A field guide to Power Automate & Power Apps connectors — what a connector actually is, triggers vs actions, standard vs premium (and what that costs you in licensing), polling vs webhook triggers and their wake-up intervals, connections and connection references for ALM, custom and on-premises connectors, plus the limits that bite in production: Power Platform request allocations, connector throttling and 429s, message size, timeouts, recurrence and concurrency limits.

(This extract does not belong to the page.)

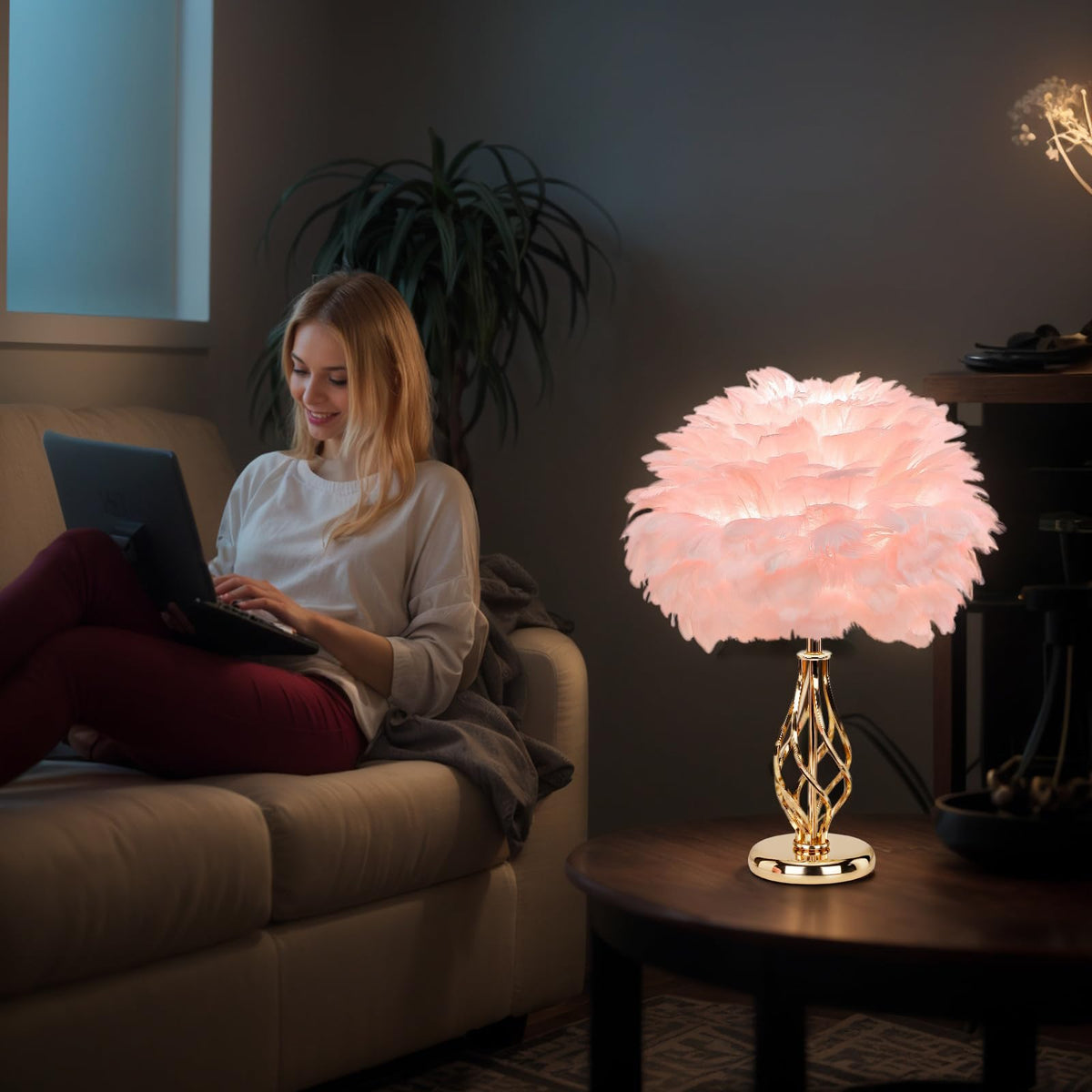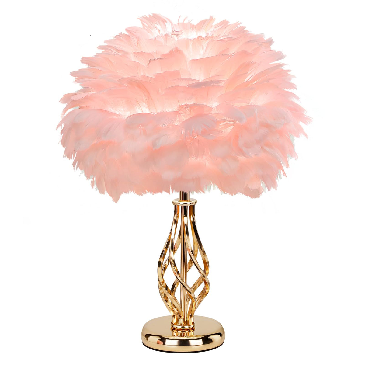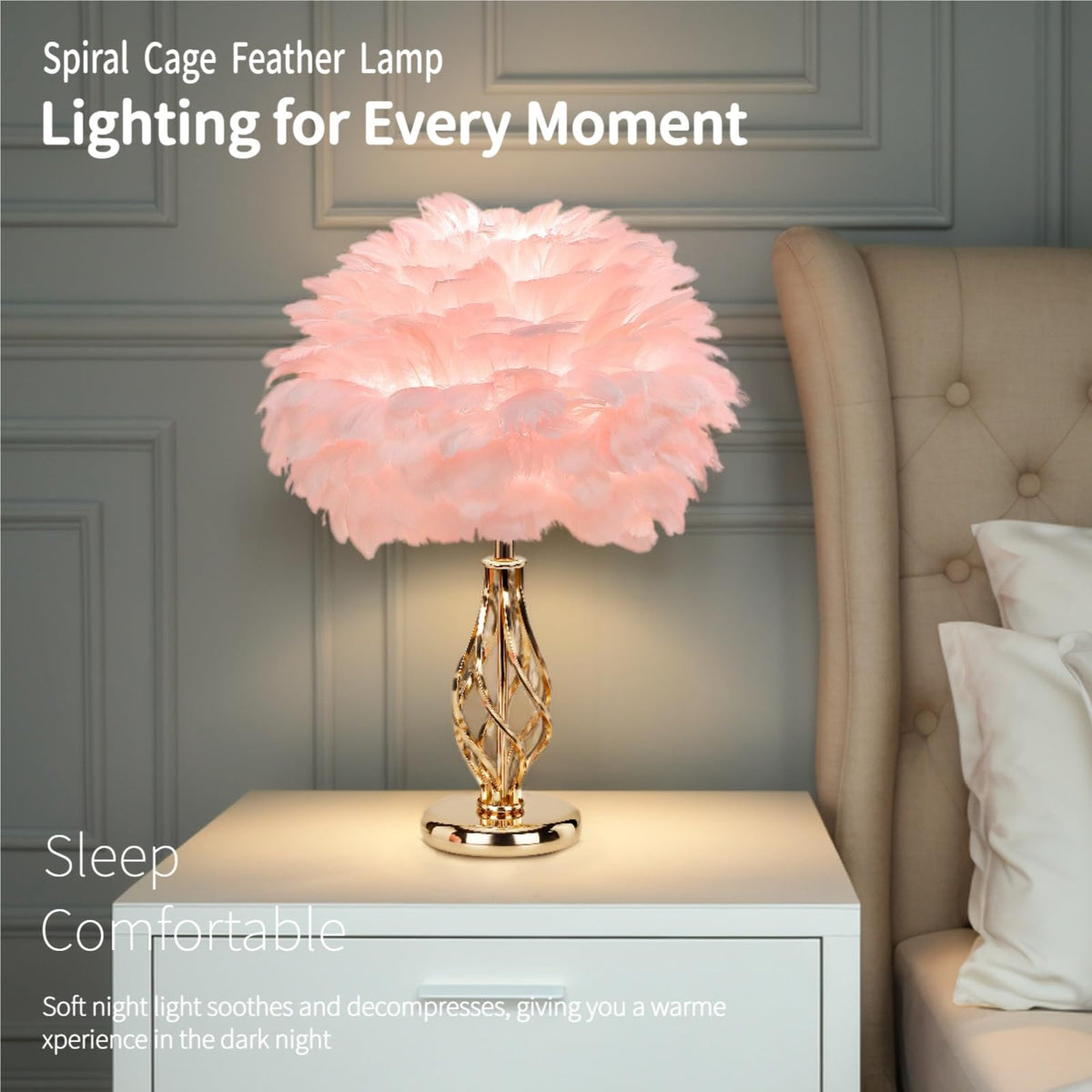 Lincwonz Feather Table Lamp With Unique Golden Spiral Cage Base - 3-Color Temperature Light, Perfect For Girls' Bedroom Bedside

Integration26 min read·Updated 2026-06-16
ConnectorsPower AutomateTriggersActionsPremiumLicensingThrottlingPower Platform requestsCustom connectorsOn-premises gatewayDLPLimits

On this page

  • What a connector is
  • Connector tiers: standard, premium, custom
  • Triggers: polling, webhook, instant & scheduled
  • Trigger tuning: conditions, concurrency & debatching
  • Actions: inputs, outputs & settings
  • Connections, auth & connection references (ALM)
  • Premium licensing: who needs what
  • Power Platform request limits
  • Connector throttling & 429s
  • Service limits cheat sheet
  • Custom connectors
  • DLP & governance
  • Choosing & using connectors well

What a connector is

A connector is a proxy that wraps a service’s REST API behind a designer-friendly set of triggers and actions. You never call the API directly — you pick an operation, fill in typed inputs, and the platform handles the HTTP, auth token, paging and response shaping. There are 1,400+ connectors across Power Automate, Power Apps and Logic Apps, plus custom ones you build yourself.

ConceptWhat it is
ConnectorThe catalog entry for a service (e.g. SharePoint, Outlook, Dataverse) — defines its triggers + actions
OperationA single trigger or action exposed by the connector
ConnectionAn authenticated, runtime instance of a connector (a signed-in account / credential set)
Connection referenceA solution component that points at a connection — the ALM-friendly indirection so flows move between environments without rebinding
The four things you actually work with.
  • A trigger starts a flow (and most flows have exactly one). An action does work inside a run.
  • A connection is separate from the flow — many flows can share one connection, and you rebind connections per environment via connection references.
  • The same connector behaves slightly differently across products (Power Automate vs Power Apps vs Logic Apps); availability is shown on each connector’s reference page.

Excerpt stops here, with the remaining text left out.